Data supplied:
★ ★ ★

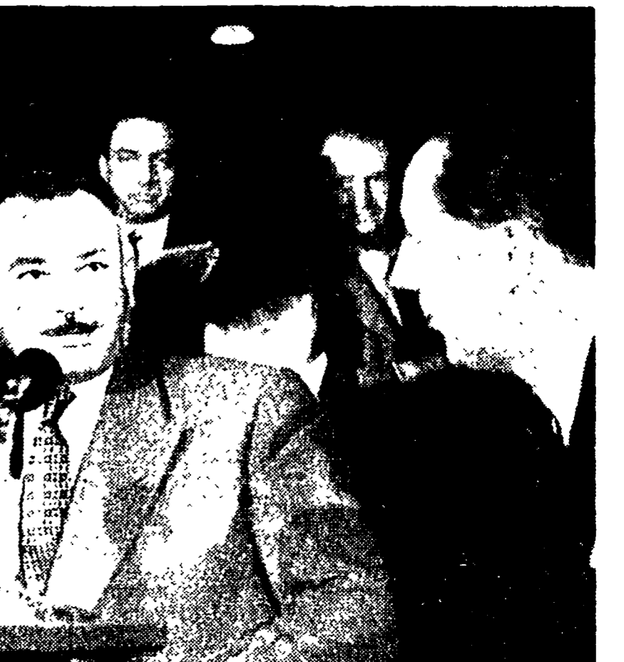
LONDRA - L'osservatore egiziano Ali Sabri, capo-gabinetto di Nasser, intervistato da giornalisti e radio cronisti
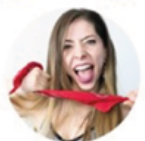
SHAYVISE 536k YouTube | 5,3M TikTok

Le concept : « J'ai testé le métier de ... » Page d'accueil de Ludovic B - YouTube Ludovic B - YouTube
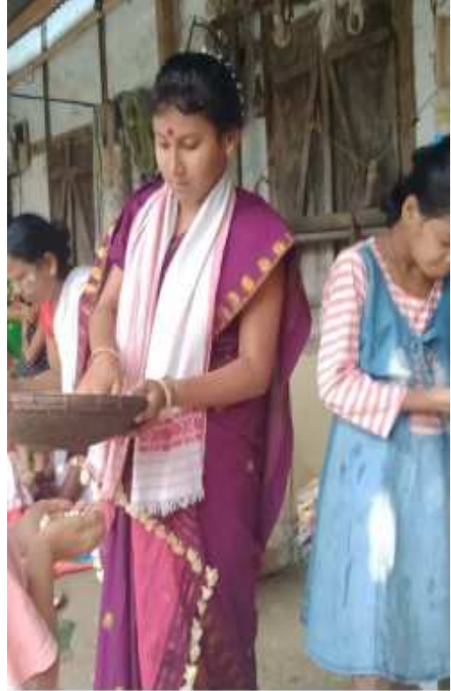
কইনাই আঁখে বিলোৱা
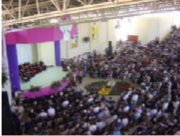
Renovacion Carismatica Catolica

La Renovación Carismática Católica a nivel mundial, es una corriente de Gracia, en Guatemala está reconocida como un movimiento de apostolado seglar que labora desde diciembre de 1973, cuya acción principal es la Evangelización.
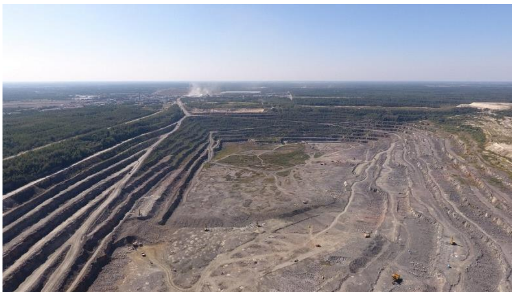
Рисунок 1 – Карьер «Микашевичи»

319706 тыс. м 3 . ПО «Гранит» обрабатывает месторождение карьерным способом, горнотехнические условия благоприятные. Проектная мощность предприятия 10,1 млн м 3 /год.
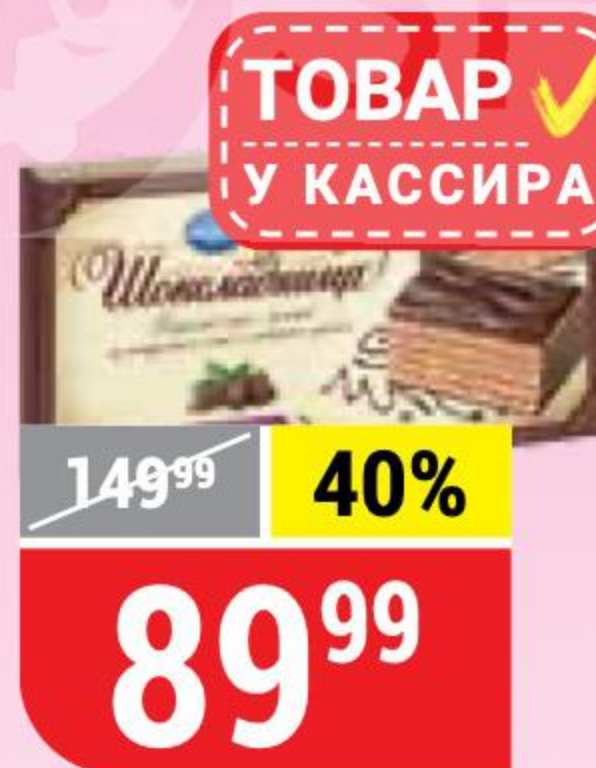
ТОРТ ВАФЕЛЬНЫЙ ШОКОЛАДНИЦА классическая, Коломенское, 240 г 137141
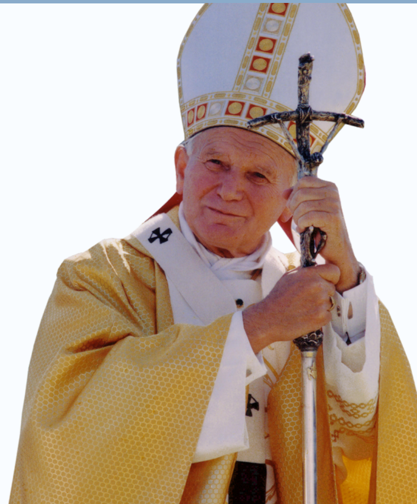
ŚW. JAN PAWEŁ II
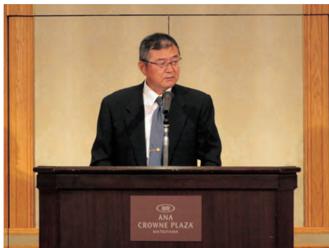
開会あいさつを述べる森本本県会長
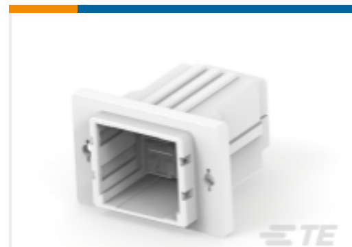
TE 产品编号3-917807-2 Dynamic 5000 母端和公端壳体
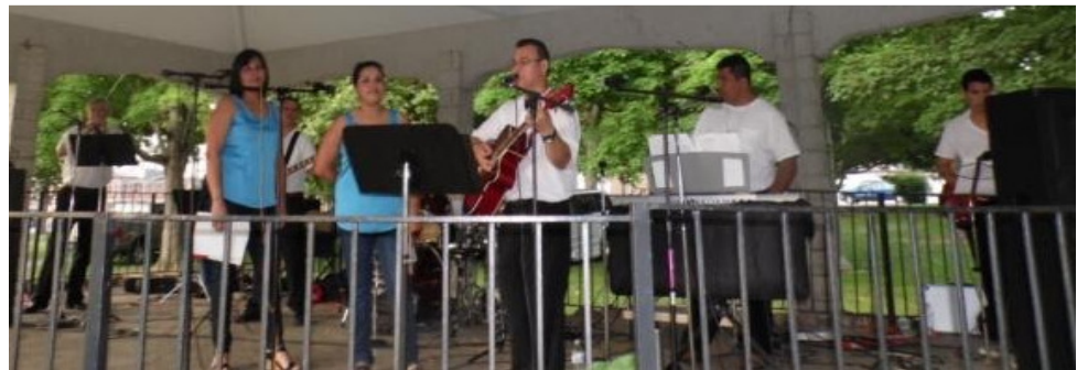
In the Carthage Park
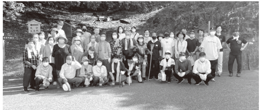
沢山参加ありがとうございました
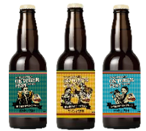
<オリジナルデザイン瓶ビールイメージ>
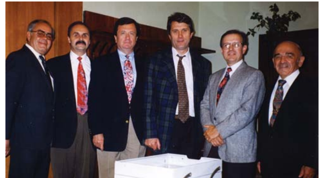
Віктор Ющенко і Президія Дирекції Каси в 1995. Каса "Самопоміч" і Віктор Ющенко вже співпрацюють понад 14 років. Executive committee and Victor Yushchenko in Kyiv in 1995. Selfreliance and President Yushchenko have had a close working relationship for over 14 years.
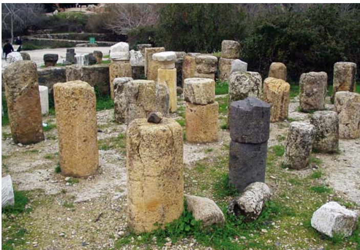
Pozostałości pogańskiego miasta Paneas (dziś Banias) na północy Izraela
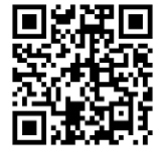
少年の主張動画一覧 (県民会議 HP)

日々の生活で感じたこと、未来への希望や夢。中学生らしく純粋な言葉で力強く主張されていました。
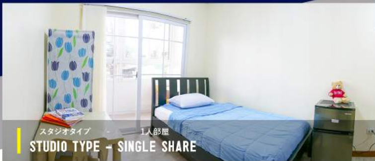
スタジオタイプ 1人部屋 STUDIO TYPE - SINGLE SHARE
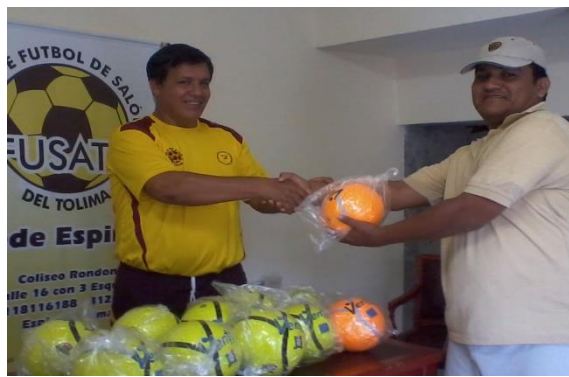
REPRESENTANTE DEL CLUB LICEO DE LOS ANGELES
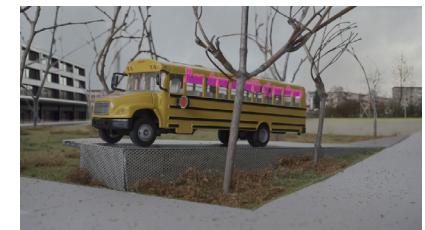
Junger Löwe (2025). Visualisierung mit Model.

9. Kunst & Bau Kt. Bern: Dendriform . Betonunterstand geschalt, gestüppert, gelocht. Anstalten Witzwil, 2010.
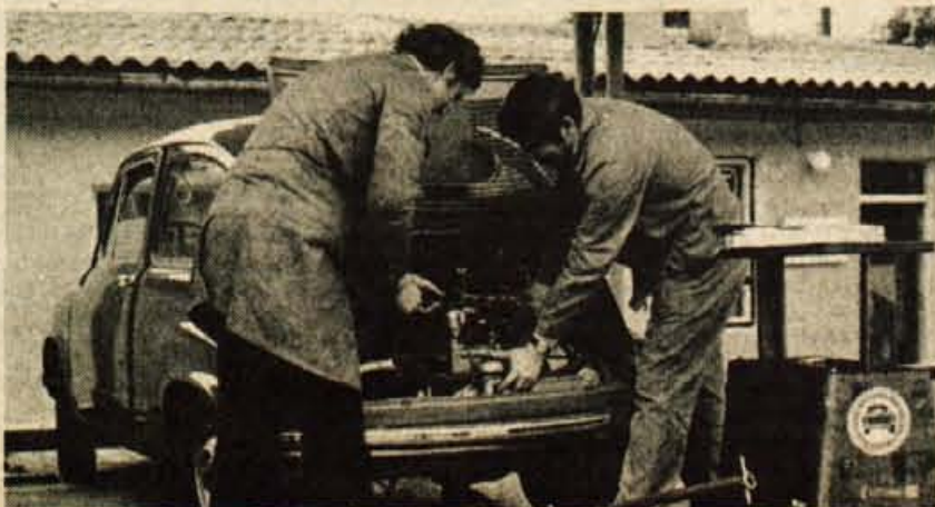
VGRADNJA IR MOTORJA — V vseh pooblaščenih Zastavinih servisih opravijo zamenjavo v enem dnevu

Naša razmišljanja o IR motorjih naj zaključimo z ugotovitvijo, da si bomo z nakupom teh motorjev prihranili predvsem denar in čas ter da se bomo lahko z našim železnim konjičkom še dolgo vozili.
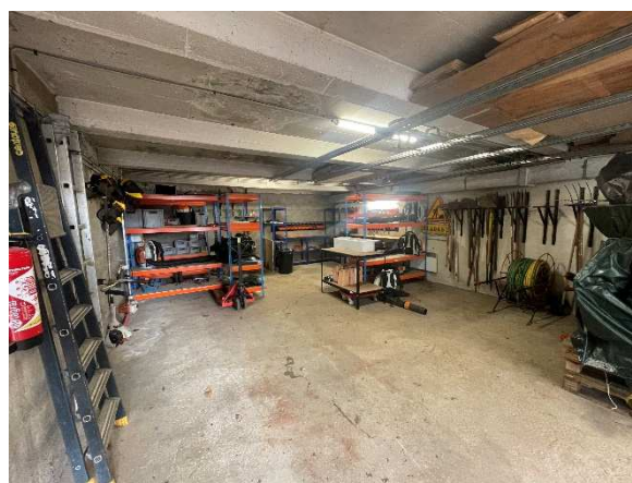
(Avant/Après réorganisation de l'atelier)

Le service des Espaces Verts se restructure et accroît son champ d'interventions pour réduire l'appel à des prestataires extérieurs et favoriser une meilleure gestion du site. C'est une opération de reconquête des espaces verts qui se déroulera
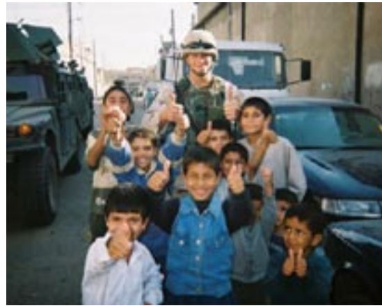
Η αναφορά του ανθρωπιστικού οργανισμού IRIN (The Integrated Regional Information Networks)
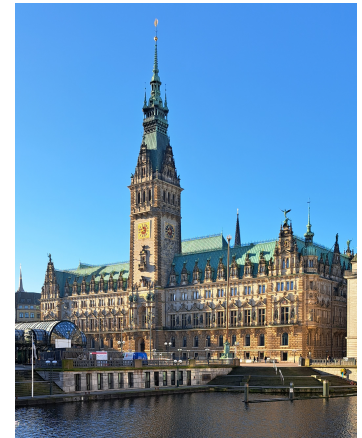
Das Hamburger Rathaus

vor dem Hotel Graf Moltke, Steindamm 1, 20099 Hamburg (3 Minuten vom Hauptbahnhof entfernt)
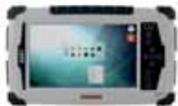
ALGIZ 7 Super-rugged, ultra-mobile
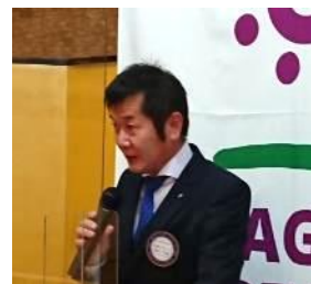
ロータリー財団委員会 諫山会員
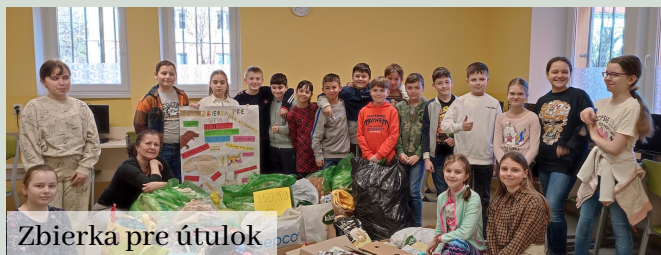
Zbierka pre útulok
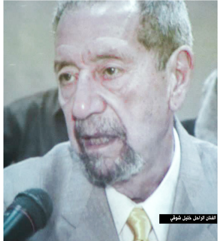
الفنان الراحل خليل شوقي
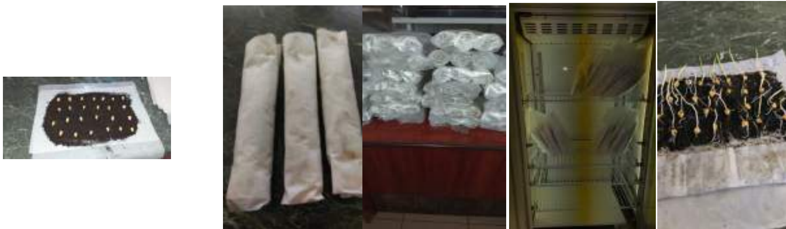
Foto. 2. Germinarea boabelor pe strat de pământ cu nisip, în rulouri de hârtie de filtru

★ ★ ★

Aim of the exercise: Please filter the entries above down to the lines holding "YouTube" and copy them.

Expected answer:
SHAYVISE 536k YouTube | 5,3M TikTok
Le concept : « J'ai testé le métier de ... » Page d'accueil de Ludovic B - YouTube Ludovic B - YouTube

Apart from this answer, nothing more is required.